Una laicidad entendida como garantía de respeto a todas las expresiones religiosas, que responda a un nuevo paradigma de relación entre la sociedad y la Iglesia. Una laicidad que no opone lo religioso y lo profano, sino que, respetando la autonomía de ambos, promueve la mutua colaboración en orden al bien común.
Una laicidad que hace posible que la Iglesia y distintas organizaciones sociales, aceptando las diferencias existentes en el seno de una sociedad plural, puedan dialogar y construir juntas un país más justo y solidario.
Otro aspecto que llama a la reflexión es que la indiferencia ante las agresiones señaladas se produjera en una sociedad que reivindica fuertemente el respeto por los derechos humanos.
Lo que razonablemente cabría esperar que ocurriera en una sociedad de talante democrático sería una enérgica y extendida condena respecto a la conducta de quienes, inspirados en una lógica totalitaria, despliegan acciones violentas contra aquellos que sostienen posiciones diferentes a las suyas.
Que no haya sido así evidencia de que algo no anda bien. Y creemos que lo que no anda bien es la forma en la que muchos entienden y practican el modo de “ser ciudadanos”.
Hay una ciudadanía entendida exclusivamente como el “derecho a reclamar derechos”; entonces los ciudadanos, como en el caso que nos ocupa, reclaman por “sus derechos” sin asumir las obligaciones que impone su pertenencia a una comunidad, entre las cuales el respeto por los derechos de sus conciudadanos.
Entendemos, sin embargo, que una sociedad democrática debe, como condición de existencia, asentarse en un concepto de ciudadanía más amplio y generoso.
En realidad, el verdadero ciudadano es aquel que como persona libre y en ejercicio de su autonomía construye junto a sus conciudadanos —sus iguales— una comunidad política. Entonces, delibera, discute, denuncia, propone y hace, con aquellos con quienes comparte la responsabilidad de construir comunidad. Y ello desde un sentido de justicia compartido, que se expresa a través de la lucha por el respeto de los derechos humanos; los propios, pero también los ajenos.

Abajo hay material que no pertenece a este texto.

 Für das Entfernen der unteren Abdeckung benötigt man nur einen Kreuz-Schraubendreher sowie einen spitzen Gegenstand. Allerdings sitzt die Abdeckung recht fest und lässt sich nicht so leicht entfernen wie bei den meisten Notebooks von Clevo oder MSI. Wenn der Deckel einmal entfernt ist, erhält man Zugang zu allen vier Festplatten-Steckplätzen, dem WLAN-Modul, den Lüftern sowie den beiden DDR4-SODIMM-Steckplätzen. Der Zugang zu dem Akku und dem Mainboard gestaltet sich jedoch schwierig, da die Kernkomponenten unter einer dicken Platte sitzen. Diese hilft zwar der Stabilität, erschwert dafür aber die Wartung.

Naturalmente que el ejercicio de la ciudadanía en los términos predicados exige ciudadanos impregnados de virtudes cívicas, que cultiven valores como la libertad, la igualdad, la solidaridad, la tolerancia activa, el diálogo y el respeto por la humanidad de los demás.

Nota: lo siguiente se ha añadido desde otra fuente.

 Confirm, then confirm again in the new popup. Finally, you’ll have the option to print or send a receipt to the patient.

La ocurrencia de episodios como el que nos ocupa pone en evidencia la urgente necesidad de poner el foco en la educación en dichos valores, a riesgo de empobrecer la calidad de nuestra democracia.
Ojalá que nuestro país sepa responder a dicho desafío forjando ciudadanos auténticos, que respetando las diferencias sean capaces de construir juntos una sociedad más humana.